[Material shown Boundary: Start]
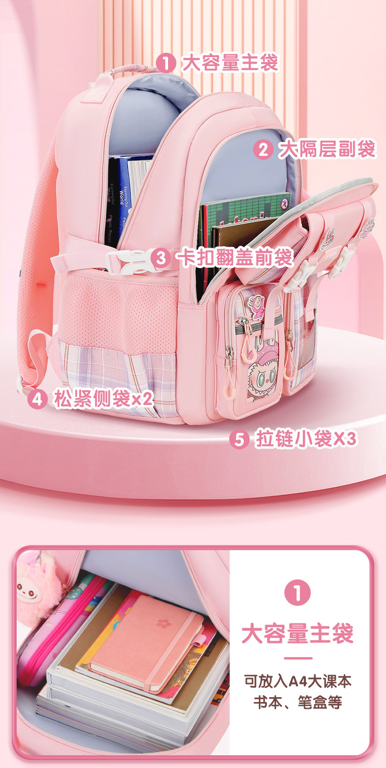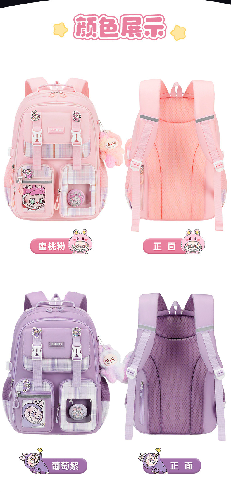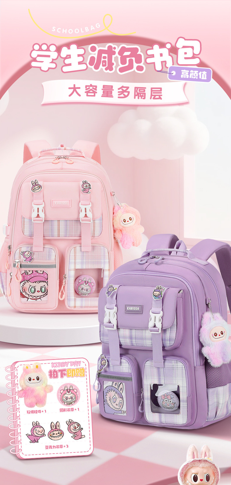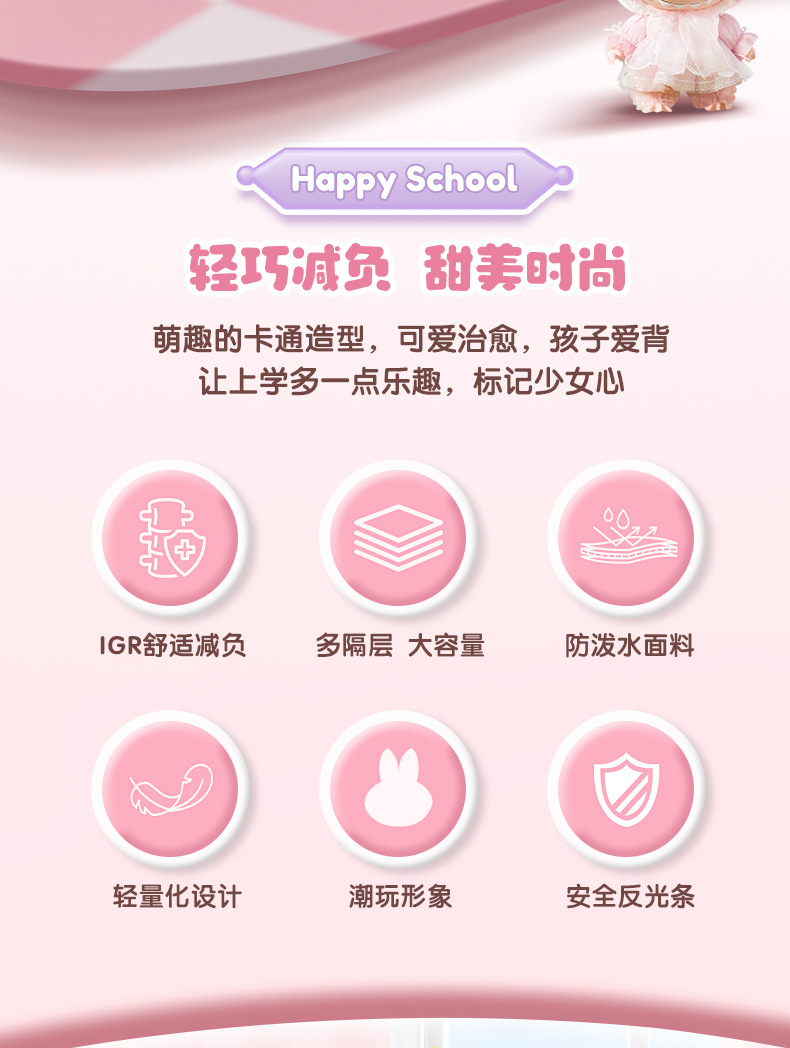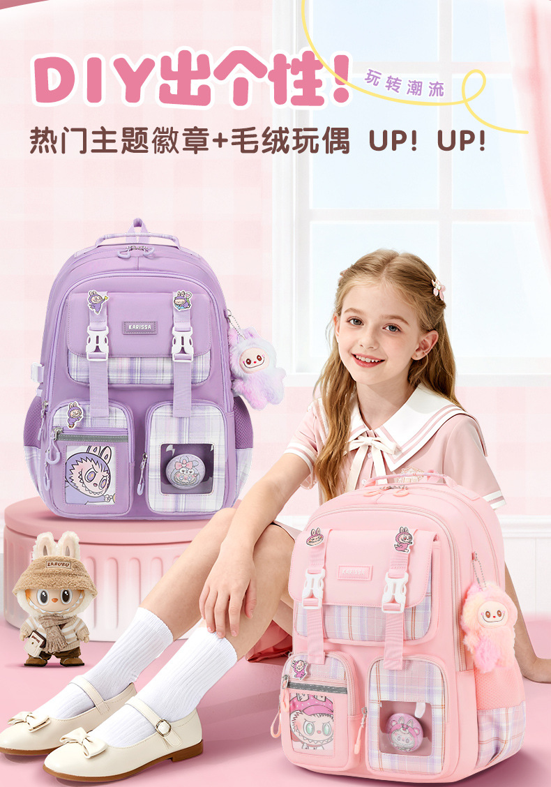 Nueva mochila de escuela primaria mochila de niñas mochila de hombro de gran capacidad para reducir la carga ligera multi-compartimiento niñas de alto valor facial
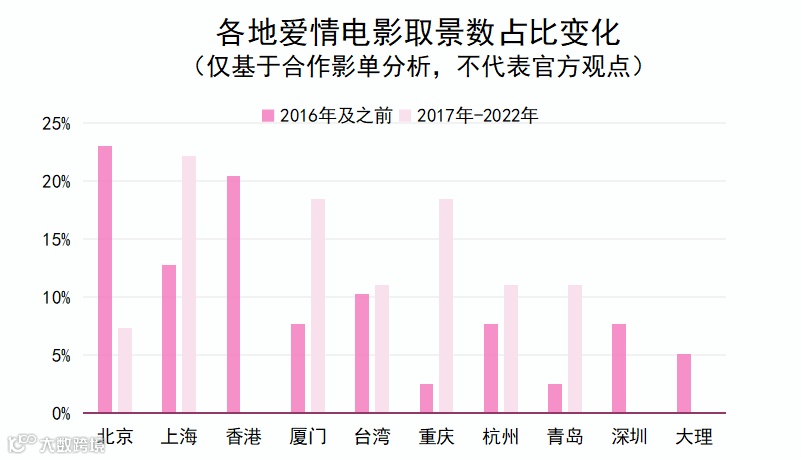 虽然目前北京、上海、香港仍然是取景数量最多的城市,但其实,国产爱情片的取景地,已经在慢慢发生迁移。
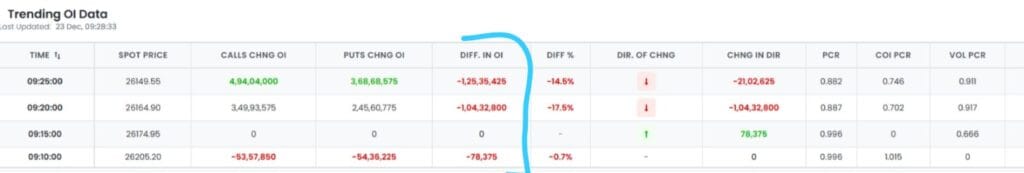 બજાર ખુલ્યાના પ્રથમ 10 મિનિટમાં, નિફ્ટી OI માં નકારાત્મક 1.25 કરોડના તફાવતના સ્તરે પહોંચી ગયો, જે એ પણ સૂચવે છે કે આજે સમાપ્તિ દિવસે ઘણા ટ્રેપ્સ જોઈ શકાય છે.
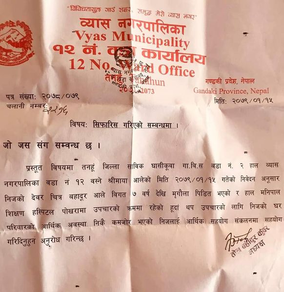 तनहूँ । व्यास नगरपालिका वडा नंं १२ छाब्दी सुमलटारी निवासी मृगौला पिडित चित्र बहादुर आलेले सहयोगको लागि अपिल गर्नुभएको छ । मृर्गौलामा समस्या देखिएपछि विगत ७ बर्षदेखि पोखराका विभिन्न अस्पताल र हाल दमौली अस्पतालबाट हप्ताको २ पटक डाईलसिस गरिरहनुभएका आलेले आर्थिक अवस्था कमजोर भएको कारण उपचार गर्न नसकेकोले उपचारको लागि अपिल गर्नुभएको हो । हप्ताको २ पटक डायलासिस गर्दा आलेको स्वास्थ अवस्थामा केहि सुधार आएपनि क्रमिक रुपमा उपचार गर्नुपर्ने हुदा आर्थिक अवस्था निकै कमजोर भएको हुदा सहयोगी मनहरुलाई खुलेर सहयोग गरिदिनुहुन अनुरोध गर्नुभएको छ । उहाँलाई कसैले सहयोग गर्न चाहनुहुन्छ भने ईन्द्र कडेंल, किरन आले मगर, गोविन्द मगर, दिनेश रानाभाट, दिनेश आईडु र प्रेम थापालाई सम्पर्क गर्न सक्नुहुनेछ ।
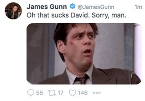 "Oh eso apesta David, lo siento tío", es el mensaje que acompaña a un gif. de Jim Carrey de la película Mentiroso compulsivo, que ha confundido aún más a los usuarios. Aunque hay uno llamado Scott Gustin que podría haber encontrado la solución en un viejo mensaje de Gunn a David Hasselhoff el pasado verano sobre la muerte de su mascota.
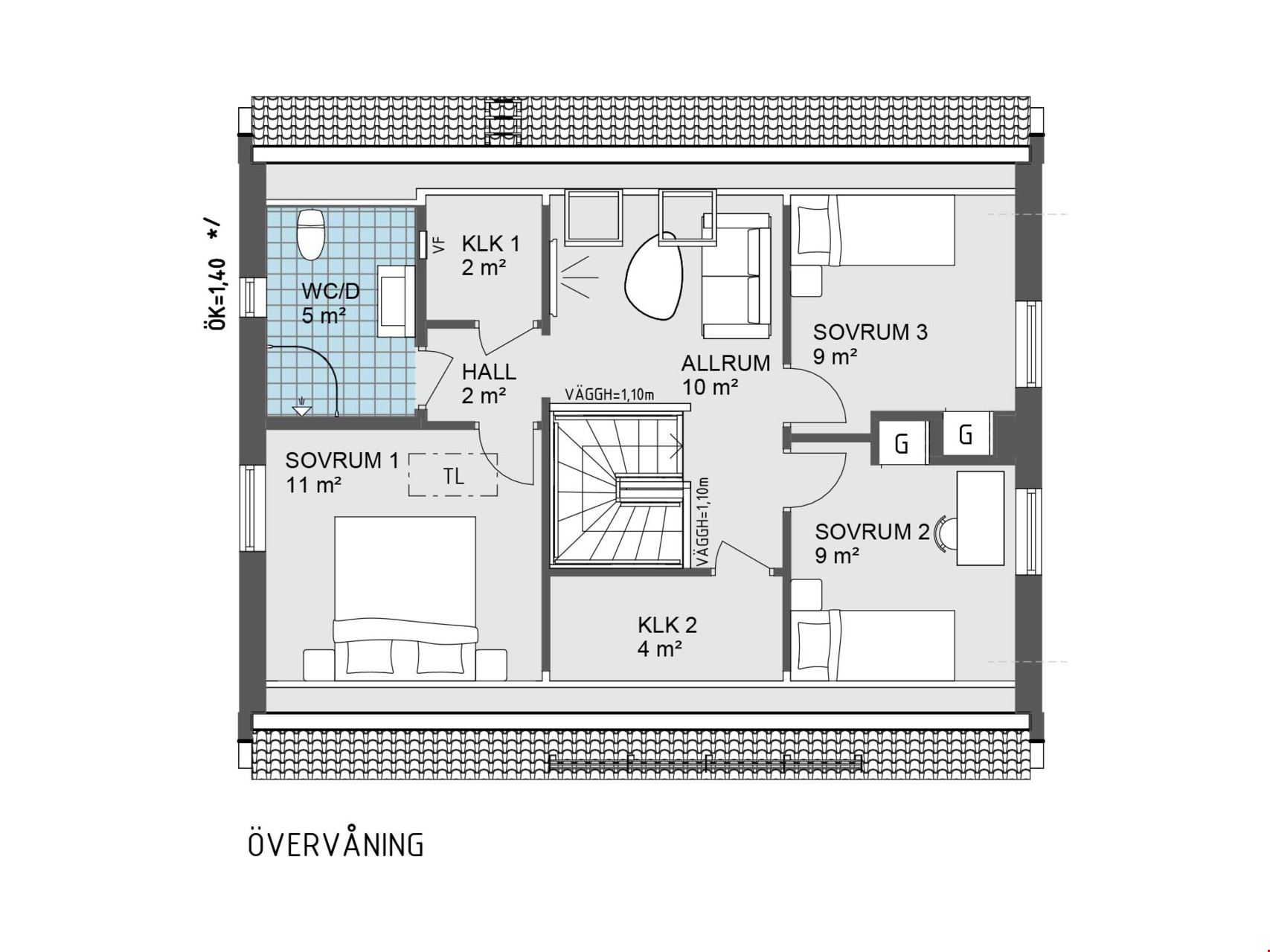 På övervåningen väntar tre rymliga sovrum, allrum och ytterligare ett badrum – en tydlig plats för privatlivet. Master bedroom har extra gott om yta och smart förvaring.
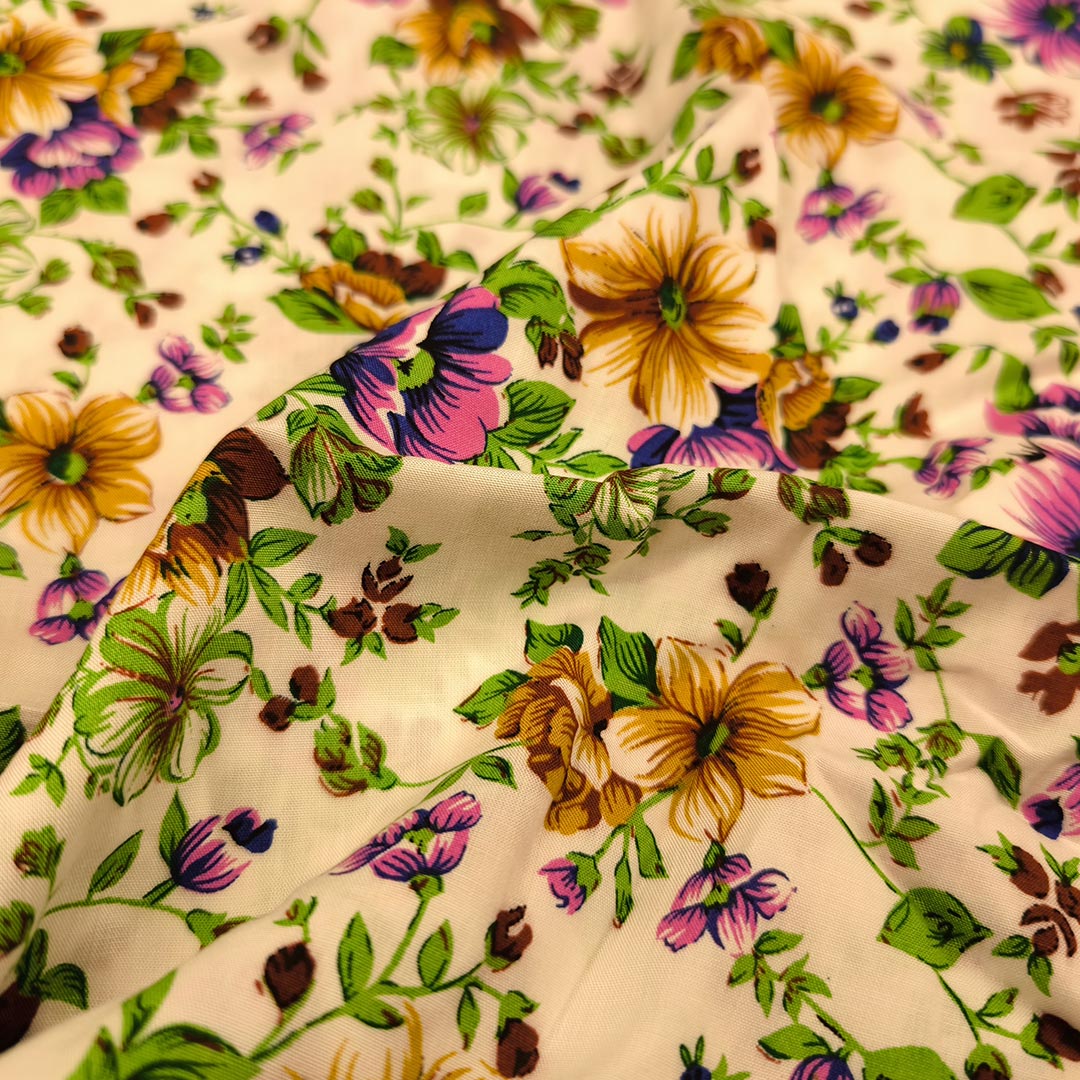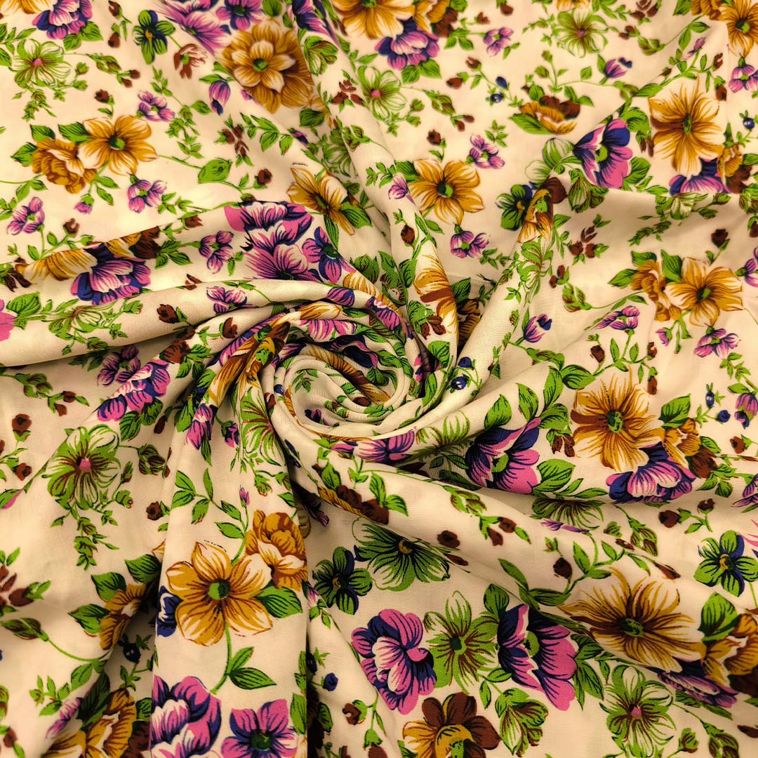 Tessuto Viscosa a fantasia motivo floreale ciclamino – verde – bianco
[Material shown Boundary: End]
Reproduce each entry word for word and cut the images.

 Nueva mochila de escuela primaria mochila de niñas mochila de hombro de gran capacidad para reducir la carga ligera multi-compartimiento niñas de alto valor facial
 虽然目前北京、上海、香港仍然是取景数量最多的城市,但其实,国产爱情片的取景地,已经在慢慢发生迁移。
 બજાર ખુલ્યાના પ્રથમ 10 મિનિટમાં, નિફ્ટી OI માં નકારાત્મક 1.25 કરોડના તફાવતના સ્તરે પહોંચી ગયો, જે એ પણ સૂચવે છે કે આજે સમાપ્તિ દિવસે ઘણા ટ્રેપ્સ જોઈ શકાય છે.
 तनहूँ । व्यास नगरपालिका वडा नंं १२ छाब्दी सुमलटारी निवासी मृगौला पिडित चित्र बहादुर आलेले सहयोगको लागि अपिल गर्नुभएको छ । मृर्गौलामा समस्या देखिएपछि विगत ७ बर्षदेखि पोखराका विभिन्न अस्पताल र हाल दमौली अस्पतालबाट हप्ताको २ पटक डाईलसिस गरिरहनुभएका आलेले आर्थिक अवस्था कमजोर भएको कारण उपचार गर्न नसकेकोले उपचारको लागि अपिल गर्नुभएको हो । हप्ताको २ पटक डायलासिस गर्दा आलेको स्वास्थ अवस्थामा केहि सुधार आएपनि क्रमिक रुपमा उपचार गर्नुपर्ने हुदा आर्थिक अवस्था निकै कमजोर भएको हुदा सहयोगी मनहरुलाई खुलेर सहयोग गरिदिनुहुन अनुरोध गर्नुभएको छ । उहाँलाई कसैले सहयोग गर्न चाहनुहुन्छ भने ईन्द्र कडेंल, किरन आले मगर, गोविन्द मगर, दिनेश रानाभाट, दिनेश आईडु र प्रेम थापालाई सम्पर्क गर्न सक्नुहुनेछ ।
 "Oh eso apesta David, lo siento tío", es el mensaje que acompaña a un gif. de Jim Carrey de la película Mentiroso compulsivo, que ha confundido aún más a los usuarios. Aunque hay uno llamado Scott Gustin que podría haber encontrado la solución en un viejo mensaje de Gunn a David Hasselhoff el pasado verano sobre la muerte de su mascota.
 På övervåningen väntar tre rymliga sovrum, allrum och ytterligare ett badrum – en tydlig plats för privatlivet. Master bedroom har extra gott om yta och smart förvaring.
 Tessuto Viscosa a fantasia motivo floreale ciclamino – verde – bianco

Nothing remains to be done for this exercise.